WHAT IS NEEDED:
After finding the line containing "総面積12haの公園内には、" below, please output that line and each following one through the line containing "- Maslo ponorte", exactly as written.

RECORDS SHOWN:
═══

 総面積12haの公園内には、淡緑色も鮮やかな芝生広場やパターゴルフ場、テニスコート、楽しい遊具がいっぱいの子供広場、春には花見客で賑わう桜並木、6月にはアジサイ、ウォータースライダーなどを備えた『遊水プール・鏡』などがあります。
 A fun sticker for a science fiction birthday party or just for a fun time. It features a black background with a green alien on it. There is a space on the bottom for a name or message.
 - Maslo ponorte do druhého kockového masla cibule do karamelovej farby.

═══

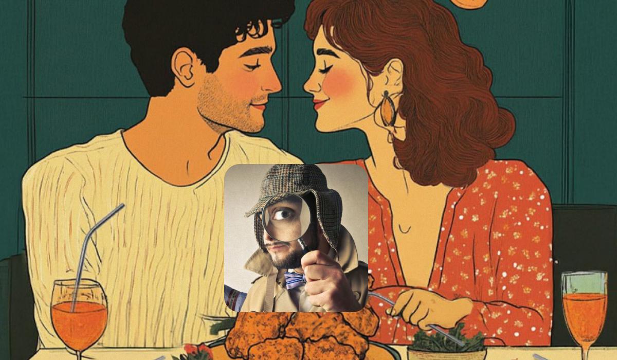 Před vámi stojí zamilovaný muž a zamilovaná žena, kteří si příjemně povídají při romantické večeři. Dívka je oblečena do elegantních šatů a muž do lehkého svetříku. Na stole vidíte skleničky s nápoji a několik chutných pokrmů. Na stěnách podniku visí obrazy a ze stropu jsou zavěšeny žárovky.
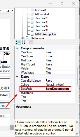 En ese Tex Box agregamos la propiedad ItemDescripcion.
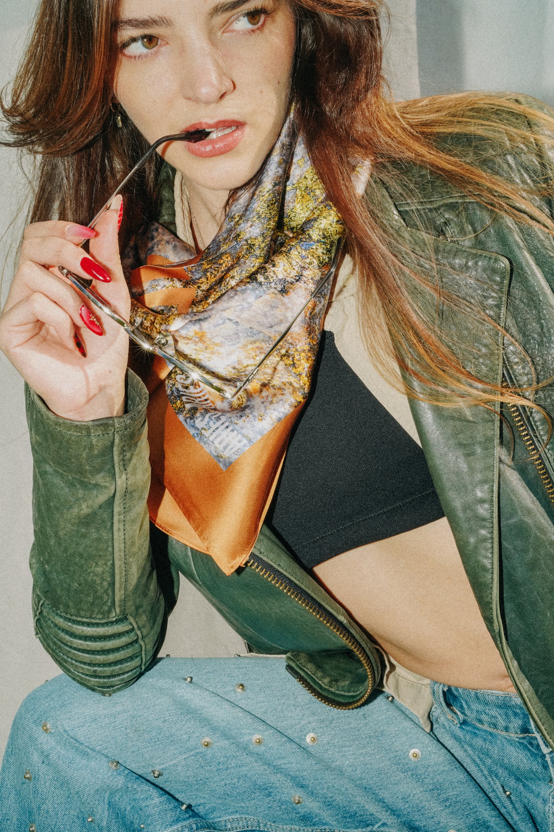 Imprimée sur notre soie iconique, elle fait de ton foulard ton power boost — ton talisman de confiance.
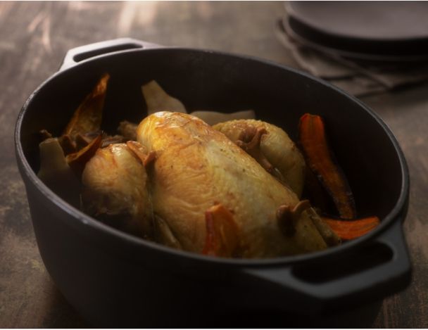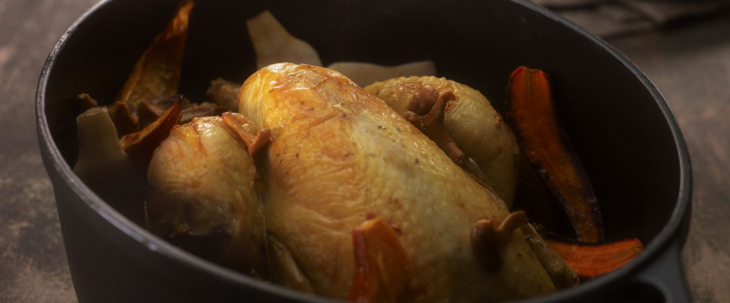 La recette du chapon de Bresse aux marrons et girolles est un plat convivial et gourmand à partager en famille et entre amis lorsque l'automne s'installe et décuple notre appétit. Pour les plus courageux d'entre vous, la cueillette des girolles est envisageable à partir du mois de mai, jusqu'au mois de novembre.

═══

EXERCISE SOLUTION:
 総面積12haの公園内には、淡緑色も鮮やかな芝生広場やパターゴルフ場、テニスコート、楽しい遊具がいっぱいの子供広場、春には花見客で賑わう桜並木、6月にはアジサイ、ウォータースライダーなどを備えた『遊水プール・鏡』などがあります。
 A fun sticker for a science fiction birthday party or just for a fun time. It features a black background with a green alien on it. There is a space on the bottom for a name or message.
 - Maslo ponorte do druhého kockového masla cibule do karamelovej farby.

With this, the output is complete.